The IMPC model not only improves quality of care, it dramatically reduces its cost. How you ask, by taking the insurance companies entirely out of the primary care loop. If I don’t have to waste my time meeting their requirements, I can spend it treating you like a person, instead of a number. I can limit my practice to 600 patients, instead of the 3000 I used to care for to cover my overhead. Because I don’t have to support a staff dedicated to complying with insurance rules and regulation, I can offer my services at reasonable rates. I do not charge fee-for-service. I work only on a fixed annual fee. ALL of our services are covered.  Medical decisions will not have monetary considerations.
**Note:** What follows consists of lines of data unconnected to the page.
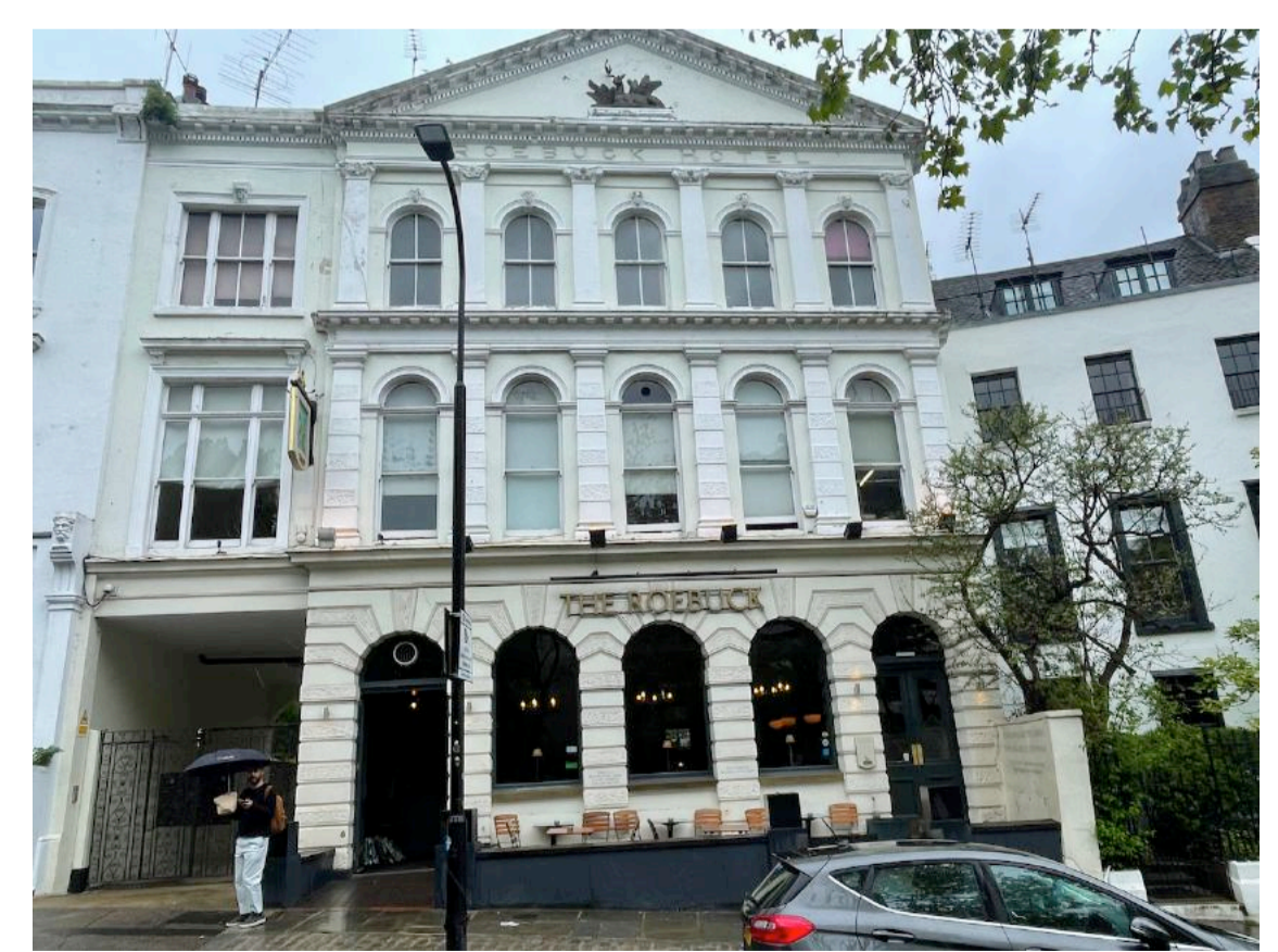
C EXISTING EXTERIOR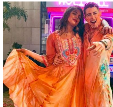
Figure 18. Chopra's post on March 7, 2020

Celebrating Diwali shows that Chopra tended to wear a saree, traditional Indian clothes. Further, in her posts, it seems that Chopra shares her moments celebrating Diwali each year.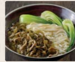
916 - $13.80 雪菜肉絲湯麵 Preserved Vegetable with Shredded Pork Noodle Soup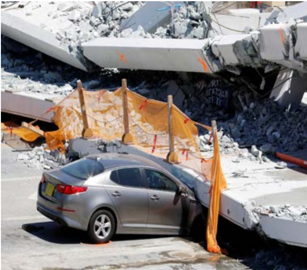
A damaged car is seen partially trapped as workers remove debris from a collapsed pedestrian bridge at Florida International University in Miami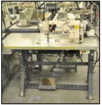
JUKI LU-221ON-7 Single Needle Sewing Machine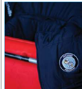
Wycombe Wanderers logo

THE name of Wycombe's next opponents Carlisle United, who visit Adams Park on Saturday, September 30, will forever have a special place in the club's history.

You are NEVER billed for anything other than the annual fee. Expensive comprehensive medical insurance is now unnecessary. You can switch to a cheaper high deductible major medical insurance and take advantage of the newly enacted Health Savings Account to cover the deductible, shelter money from taxation, and build a significant retirement account similar to an IRA. Additional benefits include no co-payments or hidden charges and with most plans you can use any facility or provider without any limitations or insurance headaches.

 

Dr Stein’s Memos is a place for me to ruminate on current topics in health care. You may be surprised to find my opinions frequently do not jive with current popular thought which is more likely to be based on marketing and myth. In medicine things are not always as they seem.